For oilseed and feed markets across North America, the implications are immediate. China has historically been Canada’s largest canola buyer, with exports of canola and related products valued at roughly $5 billion in 2024. When tariffs went up, volumes collapsed. With tariffs coming down, Canadian industry groups expect shipments to resume, tightening global supplies and potentially reshaping feed and oilseed demand patterns in the U.S. as well.
The Canola Council of Canada and the Canadian Canola Growers Association called the announcement a significant breakthrough after months of uncertainty for producers and exporters.
“The agreement reached on canola seed and meal is an important milestone in Canada’s trading relationship with China,” said Chris Davison, CCC President & CEO. “The Canadian canola industry has been clear since the outset that these tariffs are a political issue requiring a political solution. We are pleased to see significant progress in restoring market access for seed and meal and will continue to build on this development by working to achieve permanent and complete tariff relief, including for canola oil, moving forward.”


Farm groups say timing is critical, with much of the 2025 canola crop still sitting in on-farm storage and planting decisions for the 2026 season fast approaching. Rick White, President & CEO of CCGA, emphasized the need for stability as farmers prepare for another year. “With most of the 2025 canola crop stored on farm, and planting of the 2026 crop only months away, canola farmers are looking for predictability and confidence in the ability to market their canola,” he said. “We are pleased to see this significant progress and will be looking for resumption of canola movement in the future.”
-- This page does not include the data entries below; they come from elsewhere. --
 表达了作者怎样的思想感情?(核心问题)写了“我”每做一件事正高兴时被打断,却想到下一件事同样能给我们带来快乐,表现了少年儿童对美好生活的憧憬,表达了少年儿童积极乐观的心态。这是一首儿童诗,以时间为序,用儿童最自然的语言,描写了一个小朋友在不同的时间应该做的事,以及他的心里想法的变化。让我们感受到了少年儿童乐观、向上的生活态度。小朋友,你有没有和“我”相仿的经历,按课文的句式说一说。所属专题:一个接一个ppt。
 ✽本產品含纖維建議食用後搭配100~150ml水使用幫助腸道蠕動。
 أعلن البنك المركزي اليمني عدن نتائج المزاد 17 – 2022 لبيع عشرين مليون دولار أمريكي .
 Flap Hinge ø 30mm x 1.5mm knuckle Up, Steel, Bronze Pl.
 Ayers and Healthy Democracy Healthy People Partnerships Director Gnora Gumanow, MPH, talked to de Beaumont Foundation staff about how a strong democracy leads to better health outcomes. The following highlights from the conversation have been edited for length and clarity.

So why don’t exporters “eat” the tariff? The brief points to a few practical reasons that fit what businesses actually do. The U.S. is a major market, but it’s not the only one, and exporters can often redirect product elsewhere. On top of that, big tariffs are hard to offset with discounts. A 50 percent tariff isn’t something a typical business can neutralize without slashing margins into the ground. When the choice is between keeping prices and accepting fewer sales versus cutting prices drastically to chase volume, many exporters pick the first option. And on the U.S. side, supply chains are sticky. Importers can’t always snap their fingers and replace suppliers overnight, which reduces the pressure on exporters to cut prices quickly.
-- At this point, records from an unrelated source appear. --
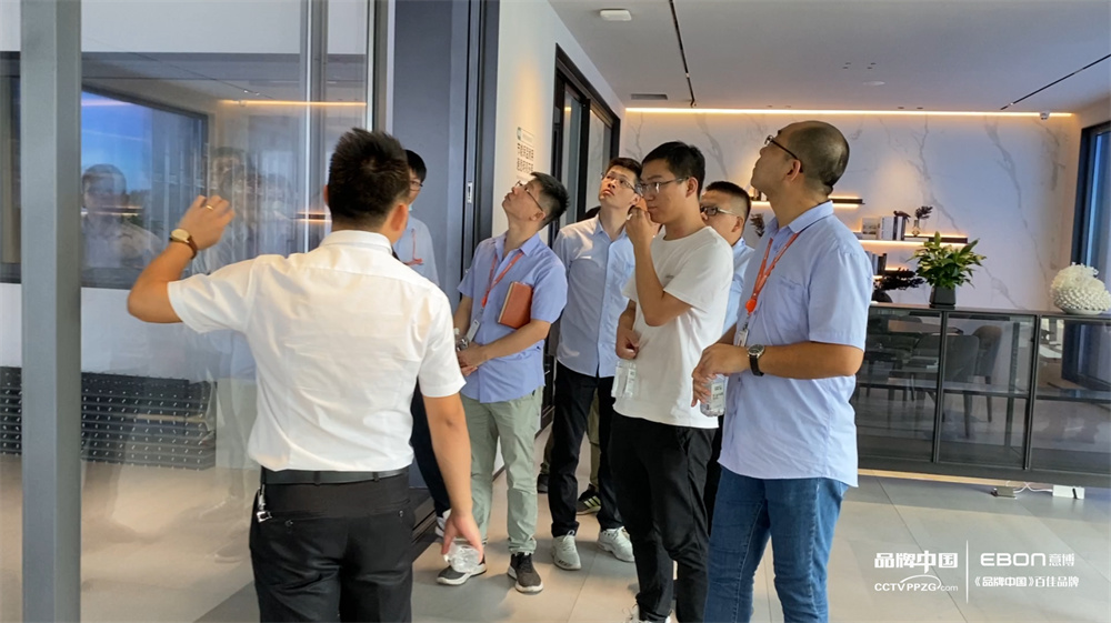意博门窗招商总监金众师长教师率领欧派手艺中间十余人手艺职员观赏3000m²数智展厅,场景化、数字化、智能化、休会化让欧派一行赞美有加!
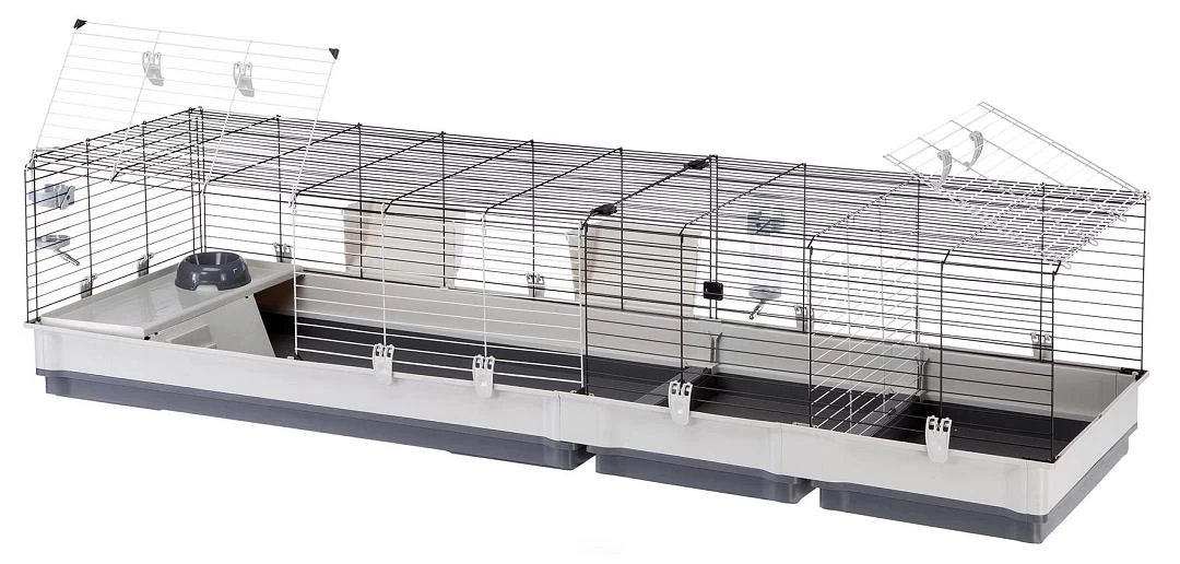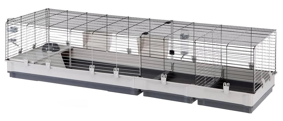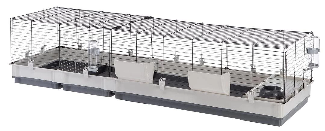 Ferplast konijnenhok Krolik 200 is een ruim hok met een groot vloeroppervlak. Dit konijnenhok wordt compleet geleverd met 1 voerbak, 2 hooiruiven, 2 drinkflessen en een kunststof huisje.
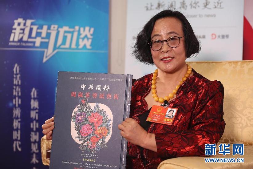全國人大代表、河北蔚縣周淑英剪紙藝術(shù)館館長(zhǎng)周淑英。新華網(wǎng) 王翰林 攝
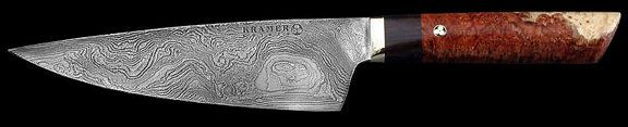 The Top Of The Line — BOB KRAMER KNIVES — The celebrated American knife-smith Bob Kramer sums it up. I gleaned this from his website because his words are what it is and what he is about. Perfection, in performance, style, function and artistry. Bob's knives are a combination of best of art and meticulous craftsmanship producing one of the finest products made. I have and could afford only one Kramer. I love that knife but it is used on special occasions unfortunately not too many because it is not only a knife , it is art in knife making. At 2500 dollars it sits in the safe. I fI had the holy grail it would sit alongside of it.
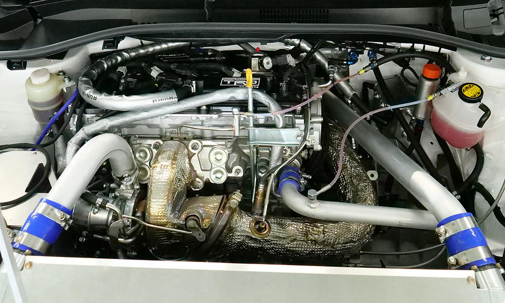 現在APRCとJSRに参戦中のYARIS 4WDから得られたデータを活かし、ペース車両のトヨタC-HRに合わせ設計段階から各部に改良を加えました。マシンサイズはAPRC・AP4規定の寸法内に収まっており、エンジンはYARIS同様TRD-8AR(2リッターターボ)を搭載。トランスミッションはDrenth製5速シーケンシャルを装備。また、サスペンション関係はC-HR用に全て新設計し、デファレンシャルなども専用設計・自社製作のパーツで構成されています。
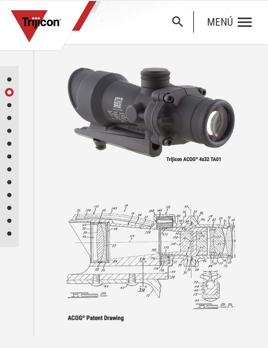 -Visor de punto rojo Trijicon Acog 4x32 T (tritium) A01. 1/3 de pulgada (8,5 mm) por click. Sobre el Trijicon se ha instalado un punto rojo Eotech EFLX de 3 MOA, mediante base ACOG.
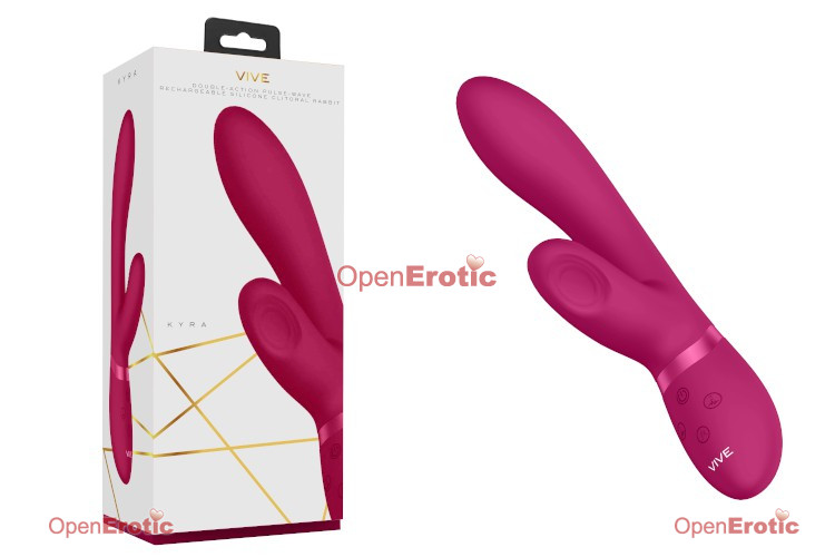 The KYRA pulse-wave, silicone clitoral rabbit, boasts a 10 function, vibrating G-spot tip, and a 10 function dedicated clitoral pulse-wave stimulator, guaranteed to satisfy your deepest desires. The 2 motors will give you over 100 possible unique settings to play with. Made from 100% silky smooth medical-grade silicone, the toy is 100% waterproof (ipx7), and extremely quiet at under 60db, which means you can use it wherever you choose. It contains a usb magnetic rechargeable, lithium-ion battery, that when fully charged with its usb cable, will provide 60 minutes of passionate playtime. Just plug and charge! When you're getting close to climax, just one-touch of the special function climax button will immediately bring all the motors to full power/speed and, more importantly, bring you to an earth-shattering orgasm.

For agriculture and rural America, this isn’t some abstract trade theory exercise. Farming and agribusiness run through supply chains, and supply chains run on inputs. Even when a producer isn’t buying imported finished goods, they’re still exposed through machinery, parts, packaging, construction materials, processing inputs, and transportation equipment — plus the broader inflationary squeeze tariffs can add to everyday goods. And when import competition gets weaker because tariffs make foreign supply more expensive or less available, domestic suppliers can gain pricing power too. That means higher costs can show up even on “domestic” alternatives, because the market pressure that keeps prices in check is softer.